[INFORMATION PROVIDED Boundary: Start]

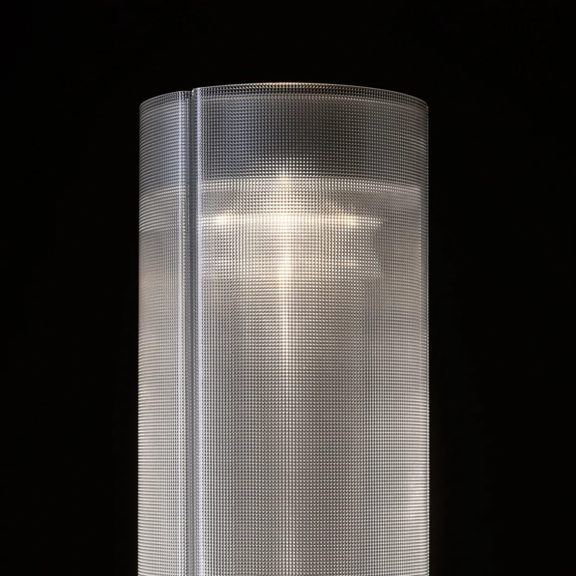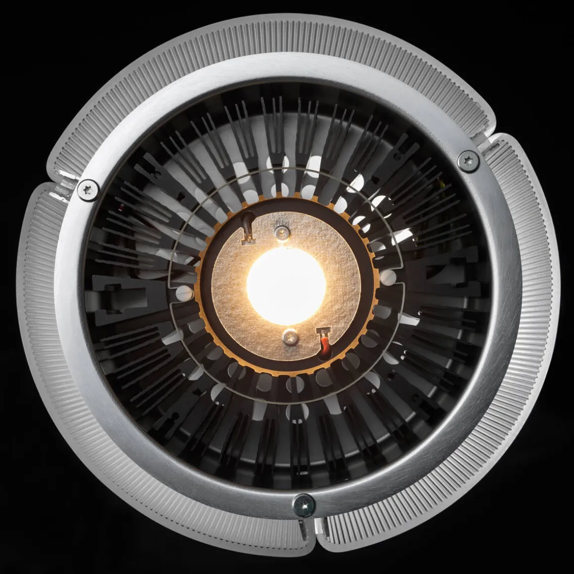 Die Twilight 360 beeindruckt nicht nur durch ihr raffiniertes Lichtkonzept, sondern auch durch ihre hochwertige Verarbeitung. Der Sockel ist in edlem Aluminium oder eloxiertem Dark Bronze gehalten und verleiht der eine elegante Note. Besonders markant wirkt die schwarze Version, bei der der lackierte Sockel von einem schwarz eingefärbten Schirm ergänzt wird. Der Leuchtschirm aus Acrylglas mit gebogener Prismenstruktur sorgt für eine einzigartige Lichtbrechung, die sich je nach Betrachtungswinkel ändert und so ein faszinierendes Lichterlebnis schafft.
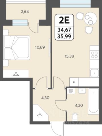 Продаётся 2-комнатная квартира в строящемся доме (Дом 1 этап 1), срок сдачи: IV-кв. 2027, общей площадью 35.99 кв.м., на 1 этаже. Новый жилой комплекс "Тетрис" от застройщика "СЗ Новый дом" расположен по адресу: г. Архангельск, улица В.И. Воронина.
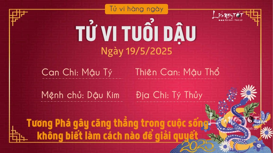 Tử vi hàng ngày 19/5/2025 của 12 con giáp, Tương Hại chỉ ra cho tuổi Mùi nhận ra vấn đề từ một sự việc tưởng là cơ hội lớn. Hãy cảnh giác vì thực ra sự chủ quan đang dẫn bạn đến sai lầm ở hiện tại và nó sẽ tiếp tục kéo dài trong tương lai nếu bạn không chịu thay đổi tình hình.
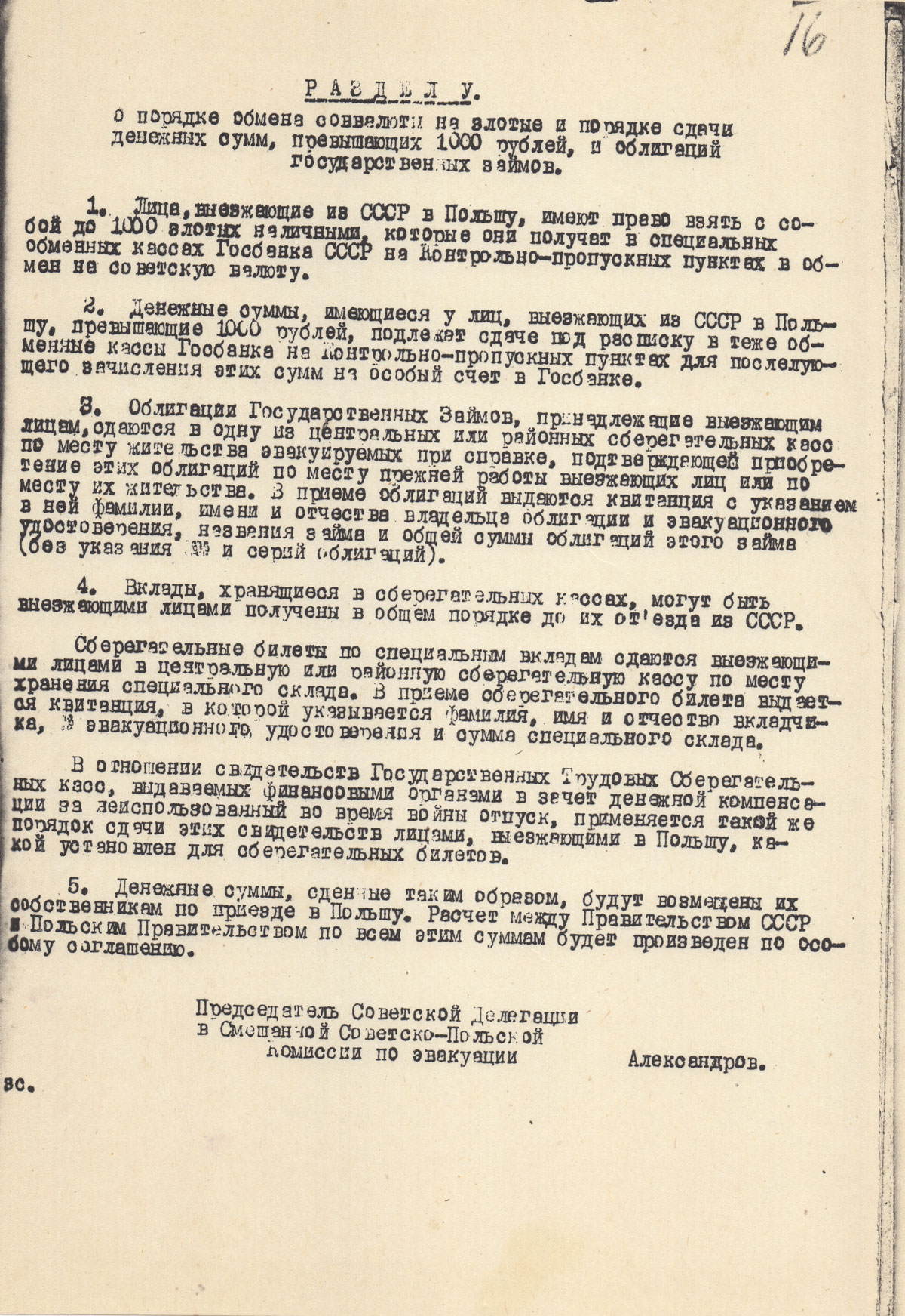 5. Денежные суммы, сданные таким образом, будут возмещены их собственникам по приезду в Польшу. Расчет между Правительством СССР и Польским Правительством по всем этим суммам будет произведен по особому соглашению.

[INFORMATION PROVIDED Boundary: End]

What you output must match the data exactly, apart from the pictures, which are left out.

> **RESPONSE TO THIS TASK**:
 Die Twilight 360 beeindruckt nicht nur durch ihr raffiniertes Lichtkonzept, sondern auch durch ihre hochwertige Verarbeitung. Der Sockel ist in edlem Aluminium oder eloxiertem Dark Bronze gehalten und verleiht der eine elegante Note. Besonders markant wirkt die schwarze Version, bei der der lackierte Sockel von einem schwarz eingefärbten Schirm ergänzt wird. Der Leuchtschirm aus Acrylglas mit gebogener Prismenstruktur sorgt für eine einzigartige Lichtbrechung, die sich je nach Betrachtungswinkel ändert und so ein faszinierendes Lichterlebnis schafft.
 Продаётся 2-комнатная квартира в строящемся доме (Дом 1 этап 1), срок сдачи: IV-кв. 2027, общей площадью 35.99 кв.м., на 1 этаже. Новый жилой комплекс "Тетрис" от застройщика "СЗ Новый дом" расположен по адресу: г. Архангельск, улица В.И. Воронина.
 Tử vi hàng ngày 19/5/2025 của 12 con giáp, Tương Hại chỉ ra cho tuổi Mùi nhận ra vấn đề từ một sự việc tưởng là cơ hội lớn. Hãy cảnh giác vì thực ra sự chủ quan đang dẫn bạn đến sai lầm ở hiện tại và nó sẽ tiếp tục kéo dài trong tương lai nếu bạn không chịu thay đổi tình hình.
 5. Денежные суммы, сданные таким образом, будут возмещены их собственникам по приезду в Польшу. Расчет между Правительством СССР и Польским Правительством по всем этим суммам будет произведен по особому соглашению.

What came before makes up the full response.